Barclays Capital Inc. served as the sole underwriter. Copies of the prospectus supplement and accompanying base prospectus related to the offering may be obtained from Barclays at c/o Broadridge Financial Solutions, 1155 Long Island Avenue, Edgewood, New York 11717, Telephone: (888) 603-5847, Email: [email protected] An electronic copy of the preliminary prospectus supplement and the accompanying base prospectus is available from the Securities and Exchange Commission's (the "SEC") website at http://www.sec.gov.
This offering is being made pursuant to an effective shelf registration statement previously filed by PVR with the SEC, and only by means of a prospectus supplement and the accompanying base prospectus. This news release is neither an offer to sell nor a solicitation of an offer to buy any of these securities and shall not constitute an offer, solicitation or sale in any jurisdiction in which such offer, solicitation or sale is unlawful prior to registration or qualification under the securities, blue sky or other laws of any such state or other jurisdiction.
PVR Partners, L.P. (NYSE: PVR) is a publicly traded limited partnership which owns and operates a network of natural gas midstream pipelines and processing plants, and owns and manages coal and natural resource properties. Our midstream assets, located principally in Texas, Oklahoma and Pennsylvania, provide gathering, transportation, compression, processing, dehydration and related services to natural gas producers. Our coal and natural resource properties, located in the Appalachian, Illinois and San Juan basins, are leased to experienced operators in exchange for royalty payments.

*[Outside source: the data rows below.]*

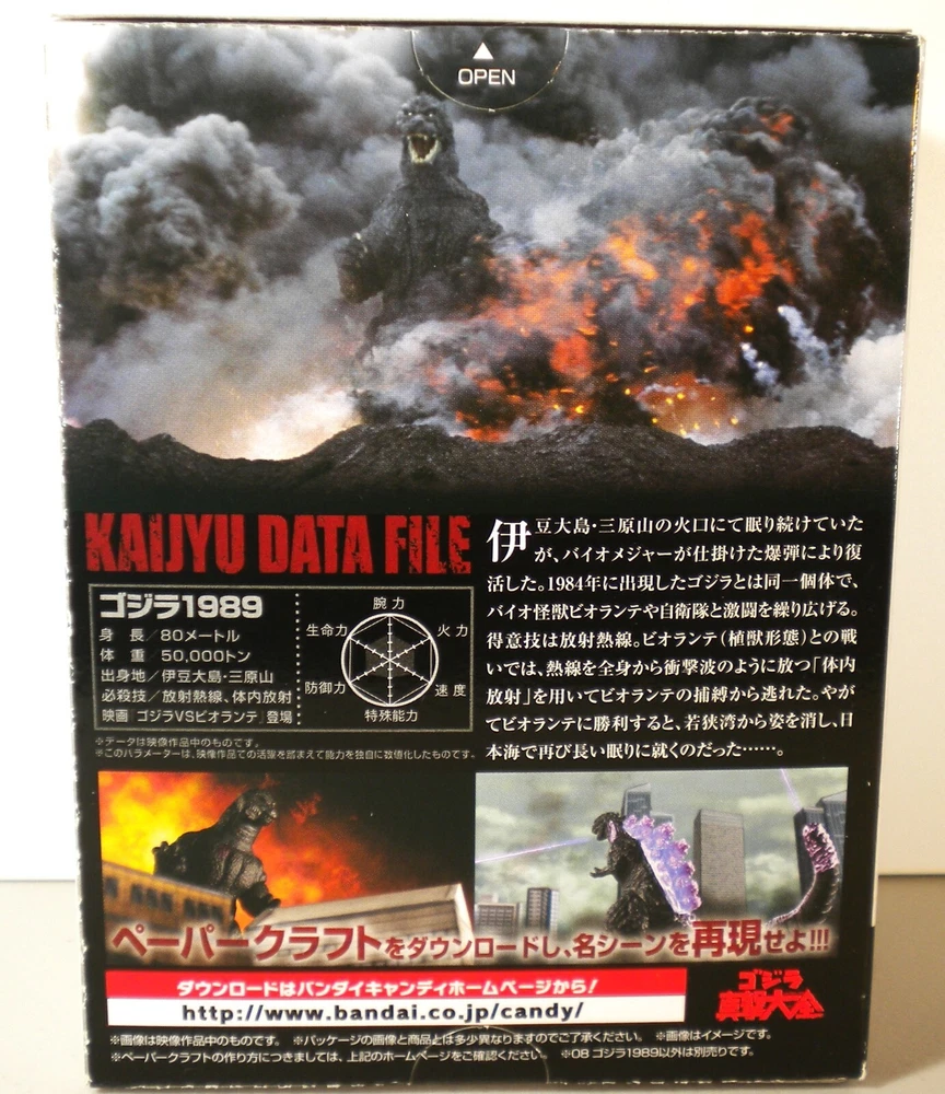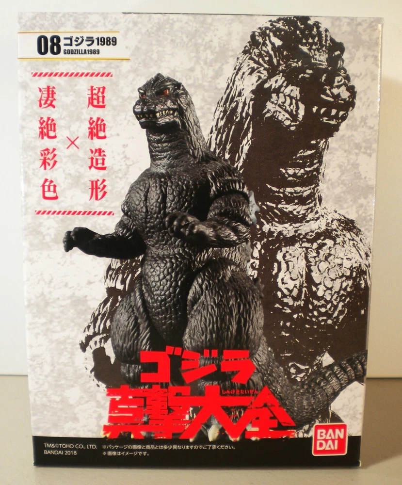 BANDAI 2018 - GODZILLA SHINGEKI TAIZEN - BOX 08 GODZILLA 1989 (GODZILLA VS. BIOLLANTE) VER. - APPROXIMATELY 4" TALL - NEW - UNOPENED BOX The Godzilla 1989 figure is new, in mint condition as Bandai produced it, and comes in a box that is unopened and in very good condition (see photos). The figure comes with a candy which I would advise should not be consumed. The figure is about six years old. It is a Bandai large candy toy collectible that is hard to buy in the same condition as the one listed here. All my inventory stock of art-vinyl-art is authorized and licensed by the various companies here in the U.S.A. and Japan. They have been maintained in the very best condition possible over the years and or decades. Please bid or buy this now from me while it is available for sale! Please take a moment to read this before you place a bid or make a purchase from me. I use as much time as needed to check, double-check, and triple-check every listing that I place on eBay, however, I do make mistakes in my listings now and then. I do, and when brought to my attention, will always correct any mistake in my listing. I would ask you to please be familiar with or know about the item that you will place a bid on or purchase from me. If you need additional information, or if you have any concerns or questions about the listing, please contact me before you place any bid or before you purchase the item from me. If this is a gift for someone, please know that if this is not the item they would like to receive, I offer no exchanges or returns, all sales are final. If a bid was won or if a purchase was made, the completion of the payment is expected. It is out of my control and not my responsibility if a most beloved family pet inadvertently placed a bid or made a purchase accidentally or not on a computer or smartphone without the eBay account holder knowing. The transaction will not be canceled by me! Regarding my shipping charges, when I do charge, charges from me are the actual shipping charges. Whatever carrier I choose, shipping charges are determined by the size of the shipping box and the weight. I try my best to use an overabundance of packaging material to protect the item during transit, which affects the weight. All my shipping charges are subject to eBay's "Final Value fee" and the fee has to be taken into account with my shipping charge. When I do charge for shipping, many times I do not charge enough to cover all the shipping costs. In the rare cases that I have overcharged in my shipping cost, I have refunded the overcharge amount to my customers through PayPal. My customers throughout the many years of selling on eBay where I have overcharged in error on my shipping costs can attest to the above statement. Please take a moment to learn something about me, I am an eBay seller who tries his very best to offer all my customers the very best, best-conditioned collectibles that the world has to offer along with the very best customer service that I can provide. I want every customer of mine to know that I am not your "average seller on eBay," I operate a very small and personalized "pop operation" that caters to his customers. It has blessed me and brought me great joy to have so many grandmothers, mothers, and dads buy from me for their loved ones. Sometimes, I do not have the lowest price for a collectible item on eBay (sometimes I do) , but many of my customers who know this and still purchase from me will share with you that "the overall purchasing experience was well worth the price." I invite and welcome everyone to be a customer of mine. Having honesty and integrity with every customer of mine are not just empty words, they are a practice for me that has been confirmed with the various feedback that has been left for me over the many years of selling on eBay!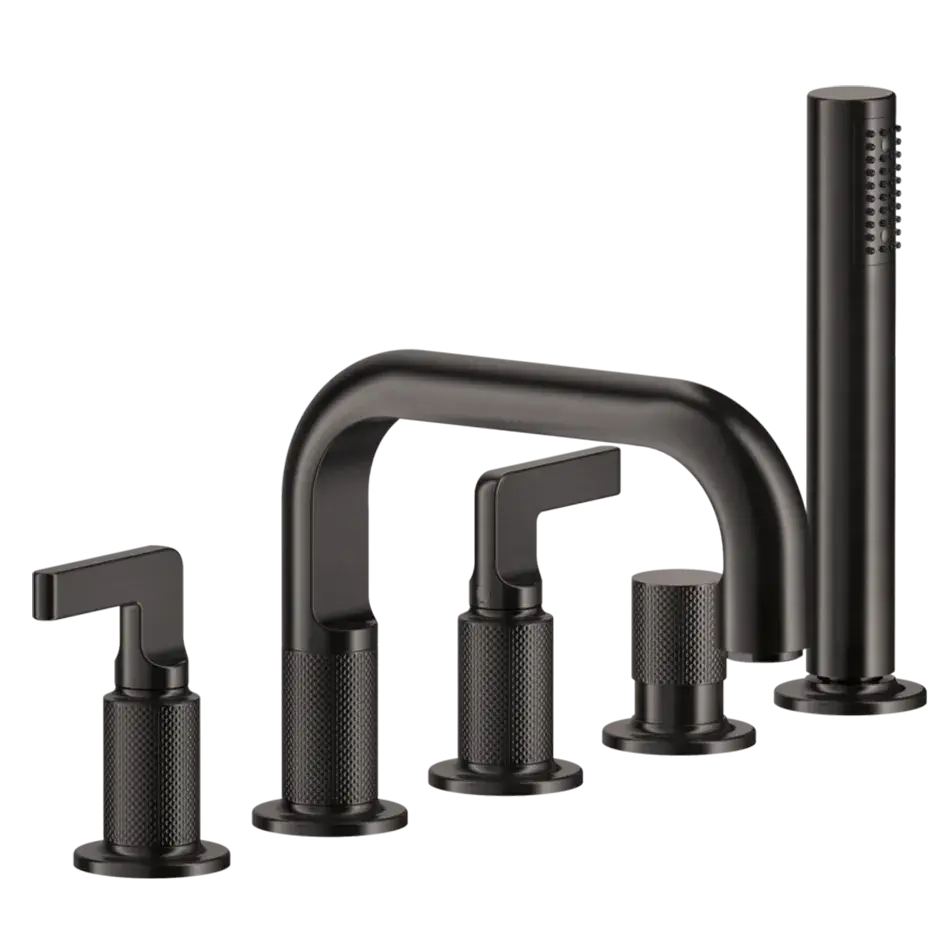 Gessi Inciso+ Смеситель для ванны на 5 отверстий с изливом, переключателем, ручным душем и шлангом 1,50 м., цвет: black XL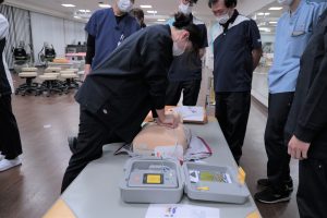 実技では、正しい胸骨圧迫を行うと想像以上に体力を消耗するため、長期化すると人手が必要であることから、スタッフ同士の連携をイメージして実技を行いました。

This press release includes "forward-looking statements" within the meaning of federal securities laws. All statements, other than statements of historical facts, included in this release that address activities, events or developments that the Partnership expects, believes or anticipates will or may occur in the future are forward-looking statements. These forward-looking statements rely on a number of assumptions concerning future events and are subject to a number of uncertainties, factors and risks, many of which are outside the Partnership's ability to control or predict, which could cause results to differ materially from those expected by management. Such risks and uncertainties include, but are not limited to, regulatory, economic and market conditions, and the timing and success of business development efforts and other uncertainties. Additional information concerning these and other factors can be found in our press releases and public periodic filings with the Securities and Exchange Commission, including our Annual Report on Form 10-K for the year ended December 31, 2012 and most recently filed Quarterly Reports on Form 10-Q. Readers should not place undue reliance on forward-looking statements, which reflect management's views only as of the date hereof. We undertake no obligation to revise or update any forward-looking statements, or to make any other forward-looking statements, whether as a result of new information, future events or otherwise.